After telling me where he was from, he grunts and looks the other way, nostrils flared as he pretends to admire the scenery. Of course, through the crowded wig-wagging of bodies, there was nothing to see. I peer at him and he reminds me of something I had seen on National Geographic. That thing about pets and owners; these Arabs might be jet-setters, but they still look like their camels.

Saudi Arabians are particularly rare specimens. They always make you feel like they are doing you a favour. Sometimes I wonder if they have always been so obscure or if it was the discovery of crude oil in their backyards that turned their snot-holes into snooty nostrils bequeathing black gold.

Little wonder it is the holy land; otherwise no one would ever go there.

I can take a hint, but this tall teenager was from Saudi Arabia and I really wanted to know if he inherited a harem when he turned 18.

Besides this was a two-hour journey and the script demanded a second attempt.

“I am from South Africa,” I tell him.

“Oh … South Africa!”

Yes, you little punk. You thought I was a Paki, looking to wash your nappies, didn’t you?

He is just a little camel so I don’t say anything.

“You like football?” he asks me.

“Sure I do, and you?”

“Yes, next year … World Cup in South Africa right?” his eyes light up.

“Yes … and so you are coming?”

“No” and the light goes out.

Just then the ferry gets more crowded; tourists of all shapes and sizes come flocking to the upper deck to catch a glimpse of the villas perched on the water’s edge, the fishing boats rotating on the rich blue sea and the sea gulls hungrily making off with passengers’ sandwiches.

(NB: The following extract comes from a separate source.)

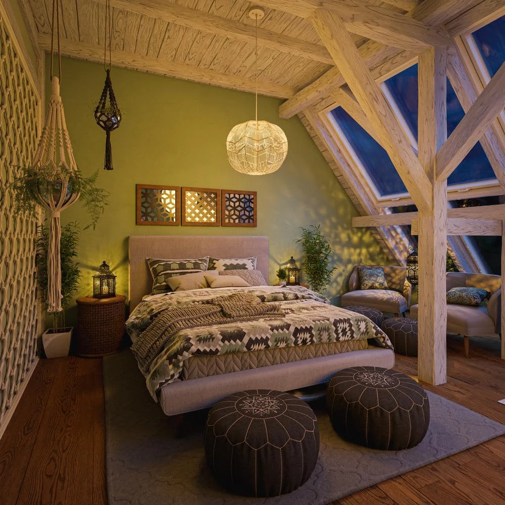 - Vaulted and sloped ceiling compatible

Some stand up and peer at the shrinking Sultanahmet making a disappearing act behind us.

The old city always seems to be glazed by an earthly tint; it is as if the imperial city is caught in a dusty time warp, preventing a type of corrosion only modernity can inflict.

“Are you with your family,” I ask the obvious.

“Yes, this is my family,” pointing at a younger kid and two women in niqaab (veil) sitting to the left of him, and his dad sitting directly behind me.

I acknowledge the little kid who looks at me with those Chucky eyes.

Another family, seemingly Italian, amble into our little area of the ferry looking for a place to sit.

There is nowhere to sit, and the woman in niqaab (presumably the boy’s mother) offers to move up and create a seat for the Italian woman and her little daughter.

Despite their public profile, Muslim women in niqaab have feelings too.

I turn in my seat, “Can I ask you a question … if you don’t mind?” I ask the father.

“Yes,” he says.

“How do Saudi Arabians feel when Europeans talk about banning the hijaab or the niqaab?”

“Well … we think that people should dress based on the context they are in. But people shouldn’t be told what not to wear. Whatever religion they might be, government shouldn’t tell people how to dress,” he tells me.

“Yes, but Europeans feel the hijaab and niqaab is often forced onto women. And this is one of the main reasons.”

“You look around here. Everyone is dressed as they want to. No one is forcing them,” he retorts.

I look around. I see short skirts, hijaabs, painted toenails, anklets, bikini strings under semi-transparent dresses, niqaabs, long hair, short hair, no hair … he was right, no one was “actively forcing” anyone on board a ferry on the Marmara Sea.

I am sure that happened at home.

“I am talking about Saudi Arabia,” I press on. “Women have to cover their hair or their face in your country right?”

“No they don’t. Some cover their hair, others their face. It is their choice.”

“You are saying that nobody is forced to wear the niqaab (veil) in Saudi Arabia? Fathers or husbands – they don’t force women into wearing this?”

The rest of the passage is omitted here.